Every night most of us find ourselves huddled over computer, iPad or smartphone screens. But did you know that the blue light flickering from those digital devices could be damaging your eyesight? Current research indicates that prolonged exposure to blue light, used in electronics and efficient lighting, could increase your chances of developing vision problems. Here’s a primer to understand blue light and what you can do about it.
What is blue light?
Sunlight is made up of all the lights in the colors of the rainbow; they all combine to make the white light we see. Blue light has shorter wavelengths than colors on the red spectrum, but more energy. Sunlight is the biggest source of blue light, but other sources include: fluorescent light, CFL (compact fluorescent light) bulbs, LED light, flat screen LED televisions and computer monitors, smart phones, and tablet screens.
Positive effects of blue light
Not all blue light is bad.
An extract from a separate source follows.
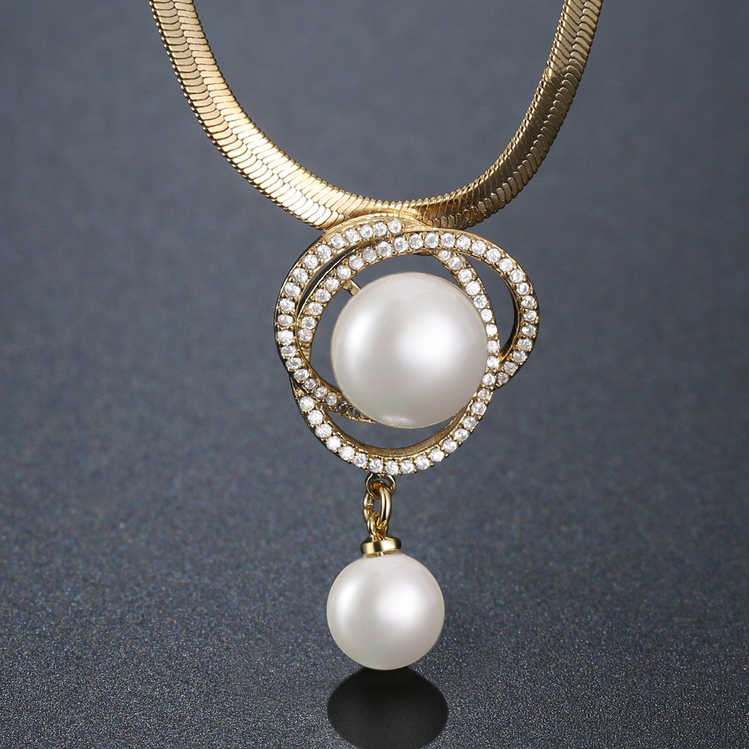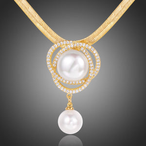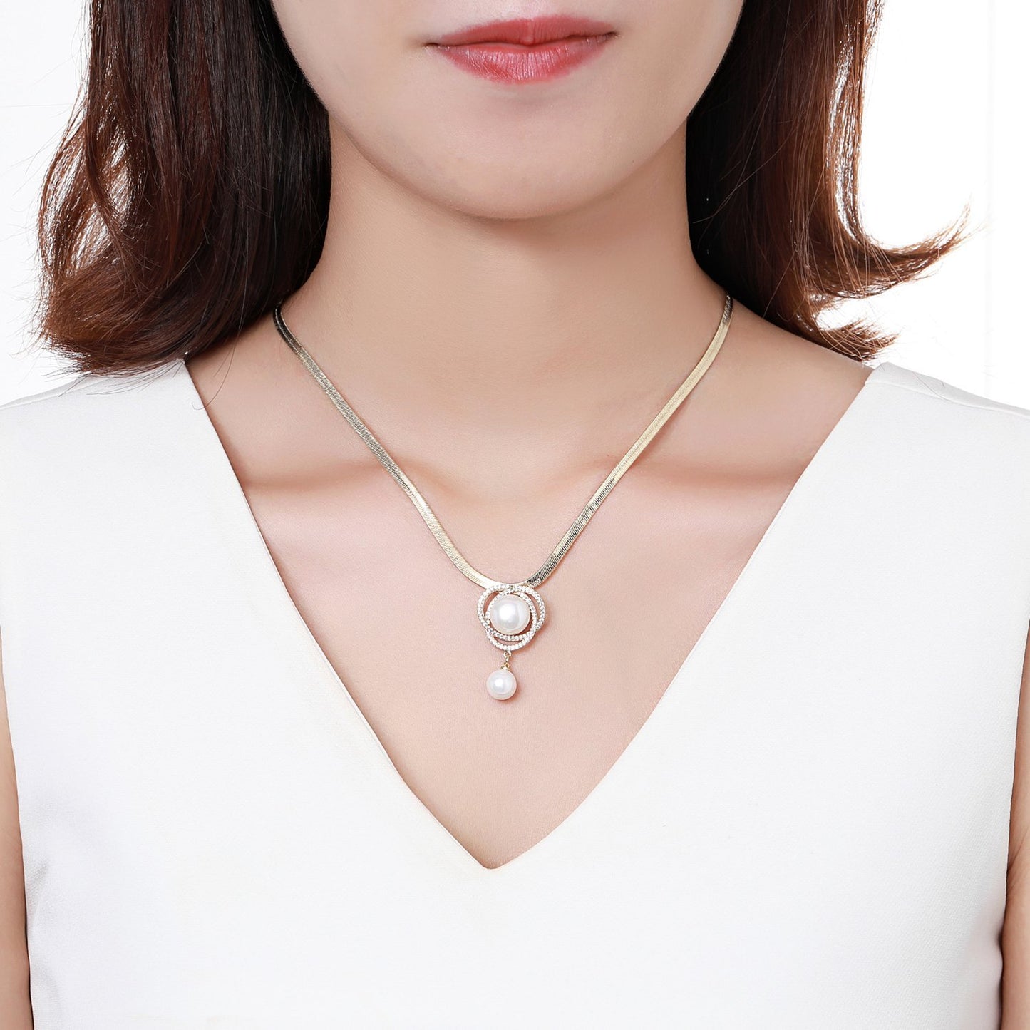 Cubic Zircon Pearl Flower Necklace KPN0261

In fact, it has many positive effects, including making us more alert and increasing our reaction time and mood. All of this is great during daylight hours, but scientists are now starting to worry about prolonged exposure to blue light at night, as it disrupts our biological clocks, keeping us alert when we should be powering down and going to sleep. How often have you found yourself past your bedtime, staring at a phone, computer or iPad? A lack of sleep could also lead to all kinds of health issues, ranging from depression to diabetes or heart disease.
Eye Strain and macular degeneration
But aside from robbing us of sleep, scientists are now worried about the effect on eyes. It’s commonly accepted that blue light causes eye strain, but a recent study from the University of Toledo pinpoints how blue light coming from electronic devices can potentially lead to macular degeneration, a major cause of vision loss in the U.S., according to PreventBlindness.org.
Tips for protecting your eyes from blue light damage:
– If you need a night light, choose a red light. Red light, of all the colored lights, poses the least risk to alter the body’s biological clock and interrupt sleep cycles.
– Adjust your phone and computer screen settings: Try features like Apple’s Night Shift, which uses the clock and geolocation of your iOS device to determine when it’s sunset in your location. Then it automatically shifts the colors of your display to warmer colors. In the morning, it returns the display to its regular settings. Here are directions on how to activate it.
– About 2-3 hours before bed time, try to avoid looking at bright screens
– If that’s not an option–you work a night shift, have to be on a device for work, school, gaming or whatever, consider installing an app that filters blue/green wavelength at night.
– Wear Protective Eyewear: They now have specially designed Gamer/Computer Eyewear Glasses, designed to protect your eyes. They’re available from $10 to $87 in retail outlets such as Amazon and Bloomingdales. They even come with reader or prescription lenses.